Proponents of the motor theory of language evolution have primarily focused on the visual domain and communication through observation of movements. In the present paper, it is hypothesized that the production and perception of sound, particularly of incidental sound of locomotion (ISOL) and tool-use sound (TUS), also contributed. Human bipedalism resulted in rhythmic and more predictable ISOL. It has been proposed that this stimulated the evolution of musical abilities, auditory working memory, and abilities to produce complex vocalizations and to mimic natural sounds.

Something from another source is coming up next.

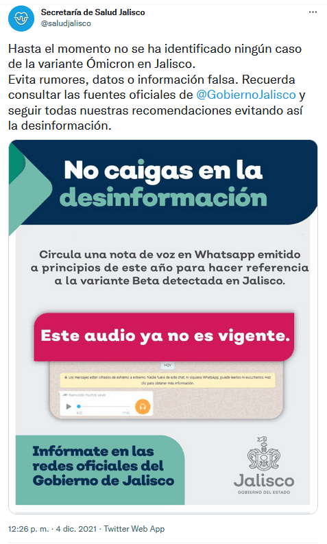Aunque ahora circula un audio afirmado que en Jalisco hay cuatro casos de una variante sudafricana o brasileña del coronavirus, a través de redes sociales la Secretaría de Salud Jalisco (SSJ) recordó que esta se refiere a una nota de enero de este año, que habla de la variante beta, por lo que ya no es vigente y desmiente que sea sobre la cepa ómicron.La nueva variante que circula es ómicron y, hasta el momento, solo se ha encontrado un caso en la Ciudad de México: una persona de 51 años proveniente de Sudáfrica que tiene "enfermedad leve" y que ahora mismo está en un hospital privado de dicha ciudad.Por ello, la secretaría pidió a la población informarse en fuentes oficiales.OF

Since the human brain proficiently extracts information about objects and events from the sounds they produce, TUS, and mimicry of TUS, might have achieved an iconic function. The prevalence of sound symbolism in many extant languages supports this idea. Self-produced TUS activates multimodal brain processing (motor neurons, hearing, proprioception, touch, vision), and TUS stimulates primate audiovisual mirror neurons, which is likely to stimulate the development of association chains. Tool use and auditory gestures involve motor processing of the forelimbs, which is associated with the evolution of vertebrate vocal communication. The production, perception, and mimicry of TUS may have resulted in a limited number of vocalizations or protowords that were associated with tool use. A new way to communicate about tools, especially when out of sight, would have had selective advantage. A gradual change in acoustic properties and/or meaning could have resulted in arbitrariness and an expanded repertoire of words. Humans have been increasingly exposed to TUS over millions of years, coinciding with the period during which spoken language evolved. ISOL and tool-use-related sound are worth further exploration.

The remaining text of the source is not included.